• _What you should do_
Every line from the opening of the records to the line with "Minestrone Zutaten 1" should be restated exactly, with both ends included and the pictures left out.

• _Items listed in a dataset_
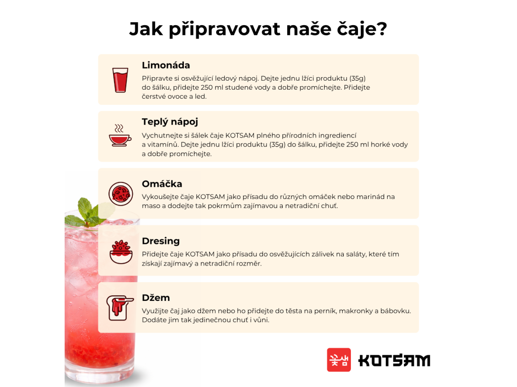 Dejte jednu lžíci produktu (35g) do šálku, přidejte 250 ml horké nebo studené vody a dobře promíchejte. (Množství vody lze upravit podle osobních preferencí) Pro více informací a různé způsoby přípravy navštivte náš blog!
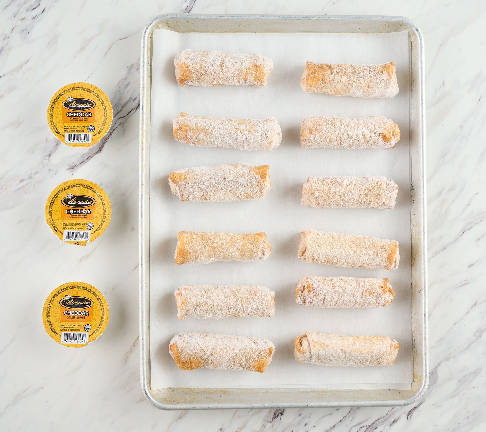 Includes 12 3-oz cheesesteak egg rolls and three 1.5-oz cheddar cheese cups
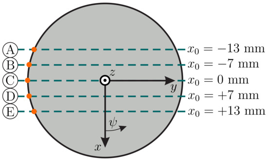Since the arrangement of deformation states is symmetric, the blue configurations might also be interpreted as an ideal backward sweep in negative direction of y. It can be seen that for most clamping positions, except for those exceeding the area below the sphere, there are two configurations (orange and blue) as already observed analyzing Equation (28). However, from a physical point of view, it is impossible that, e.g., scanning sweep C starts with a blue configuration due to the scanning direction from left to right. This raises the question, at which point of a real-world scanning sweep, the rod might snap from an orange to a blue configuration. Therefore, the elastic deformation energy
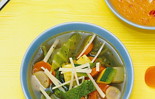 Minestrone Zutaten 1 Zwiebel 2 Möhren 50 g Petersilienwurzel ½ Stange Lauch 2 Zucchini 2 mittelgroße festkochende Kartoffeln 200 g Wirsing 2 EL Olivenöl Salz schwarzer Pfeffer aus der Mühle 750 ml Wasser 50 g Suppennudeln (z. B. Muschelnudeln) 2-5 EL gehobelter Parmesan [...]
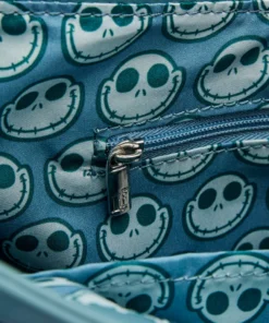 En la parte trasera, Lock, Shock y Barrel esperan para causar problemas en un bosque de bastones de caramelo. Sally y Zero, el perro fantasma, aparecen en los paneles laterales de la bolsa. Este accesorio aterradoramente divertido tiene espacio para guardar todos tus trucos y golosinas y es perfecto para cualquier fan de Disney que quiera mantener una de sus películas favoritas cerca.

• _Answer section_
 Dejte jednu lžíci produktu (35g) do šálku, přidejte 250 ml horké nebo studené vody a dobře promíchejte. (Množství vody lze upravit podle osobních preferencí) Pro více informací a různé způsoby přípravy navštivte náš blog!
 Includes 12 3-oz cheesesteak egg rolls and three 1.5-oz cheddar cheese cups
Since the arrangement of deformation states is symmetric, the blue configurations might also be interpreted as an ideal backward sweep in negative direction of y. It can be seen that for most clamping positions, except for those exceeding the area below the sphere, there are two configurations (orange and blue) as already observed analyzing Equation (28). However, from a physical point of view, it is impossible that, e.g., scanning sweep C starts with a blue configuration due to the scanning direction from left to right. This raises the question, at which point of a real-world scanning sweep, the rod might snap from an orange to a blue configuration. Therefore, the elastic deformation energy
 Minestrone Zutaten 1 Zwiebel 2 Möhren 50 g Petersilienwurzel ½ Stange Lauch 2 Zucchini 2 mittelgroße festkochende Kartoffeln 200 g Wirsing 2 EL Olivenöl Salz schwarzer Pfeffer aus der Mühle 750 ml Wasser 50 g Suppennudeln (z. B. Muschelnudeln) 2-5 EL gehobelter Parmesan [...]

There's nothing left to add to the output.